The following Cosmos-based blockchains support running CosmWasm smart contracts:

This list is based on the documentation for the chains and based on the Cosmos chain registry repo on GitHub (where the schema will contain cosmwasm_enabled).

How do you write smart contracts on Cosmos? How do you write an NFT or tokens contract?
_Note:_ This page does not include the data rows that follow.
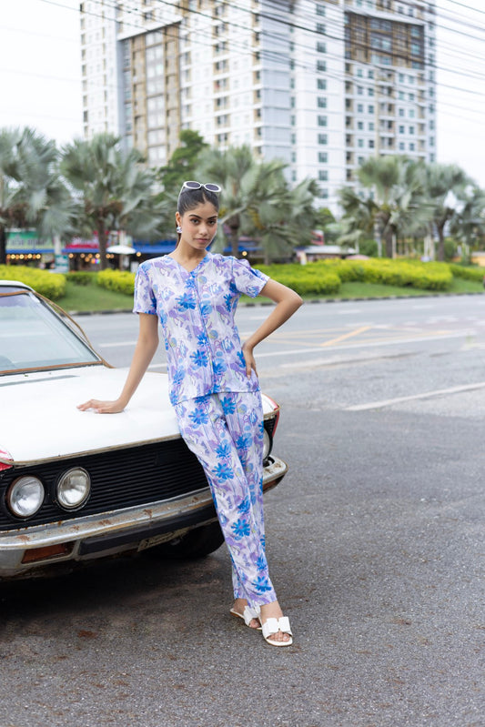 Rayon All Over Print Dark Lavender Lumiere Luxe-Premium Co-Ord Set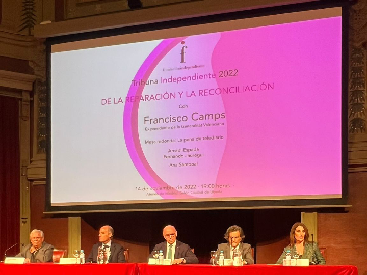 Madrid, 14 de noviembre de 2022.- Ayer, 14 de noviembre, se celebró en el Ateneo de Madrid la Tribuna Independiente titulada «De la reparación y la reconciliación» con Francisco Camps, ex presidente de la Generalitat Valenciana, absuelto por la justicia en nueve procedimientos judiciales en los últimos diez años.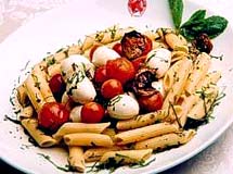 - Numa travessa colocar a massa já cozida, o molho e por cima a mussarela de búfala e finalmente polvilhar com o restante da hortelã.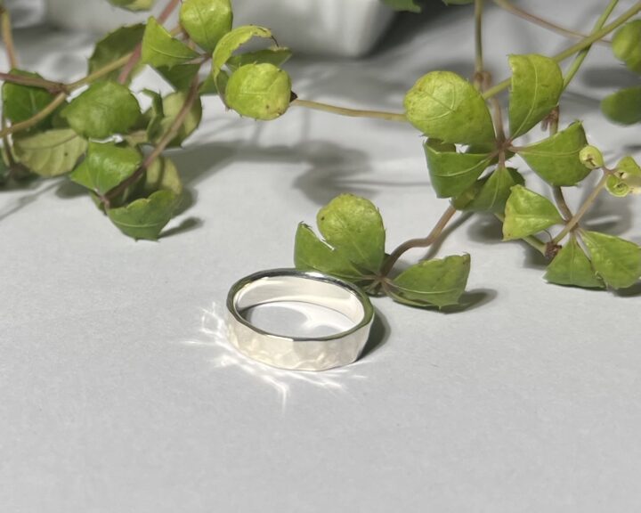 槌目の入ったシルバーアクセサリーリングになっております。その日その日で槌目のデザインが変わるので写真とは異なりますのでご了承下さい。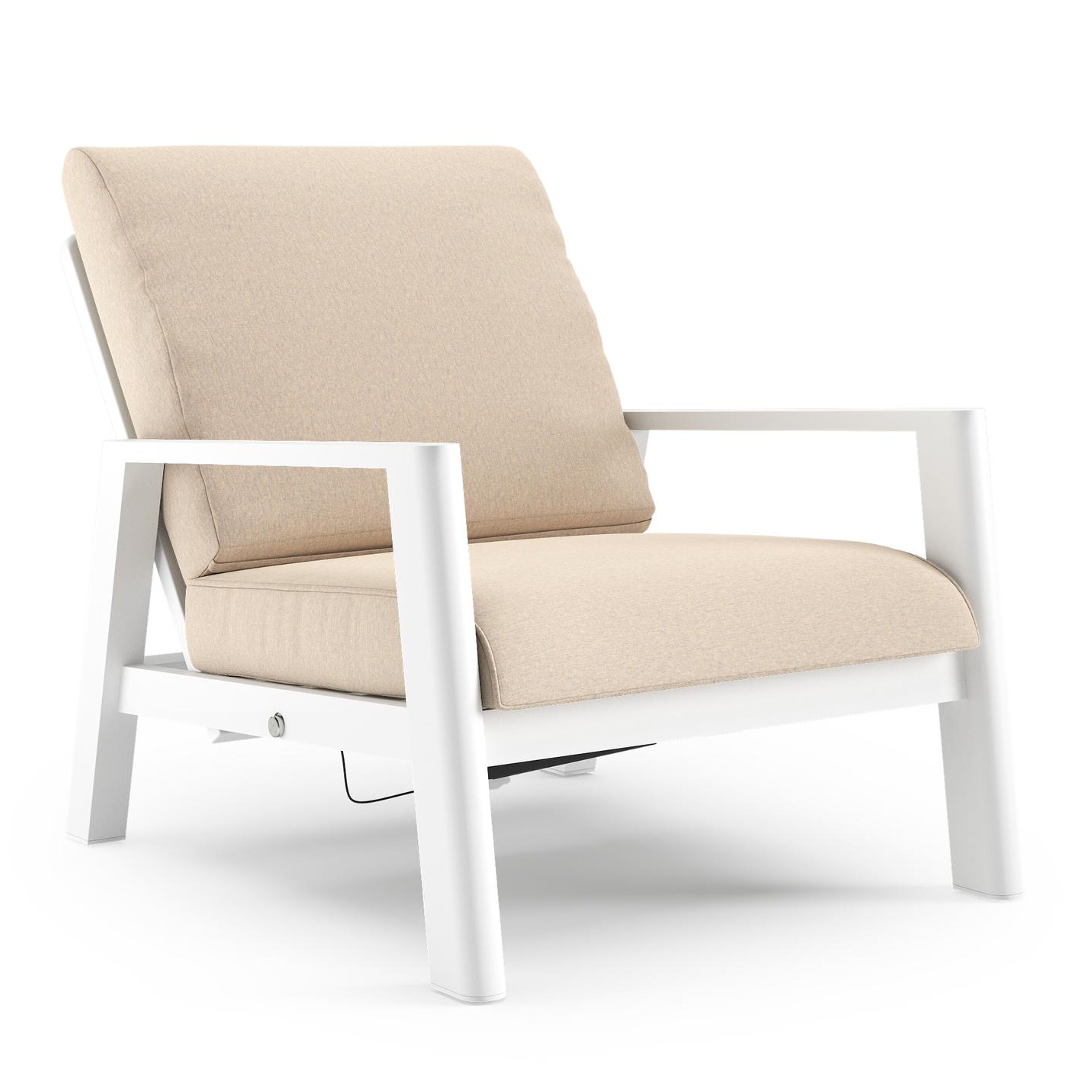 Cirello loungestoel in wit aluminium met heritage papyrus all weather sunbrella® luxe kussen | Exterioo tuinmeubelen

You can write smart contracts for Cosmos-based blockchains using the Rust programming language and the CosmWasm SDK and libraries. Rust is a typesafe and performant language that can be used to write any sort of software from web servers to game engines to smart contracts. It improves the reliability of programs and can be used in resource-constrained environments where efficiency is a priority.

Learn more about Rust

Here are the base libraries you will need to get started with writing CosmWasm smart contracts:

  • cosmwasm-std contains standard utility functions for working with wallet addresses and coins
  • cosmwasm-storage contains code for storing data as maps/dictionaries/hashes and as individual values
  • cosmwasm-schema helps generate the JSON schema for interacting with the smart contract

If you want to write an NFT smart contract, your contract’s interface will need to adhere to the CW721 interface. You can use the cw721-base code to build your own NFTs smart contract.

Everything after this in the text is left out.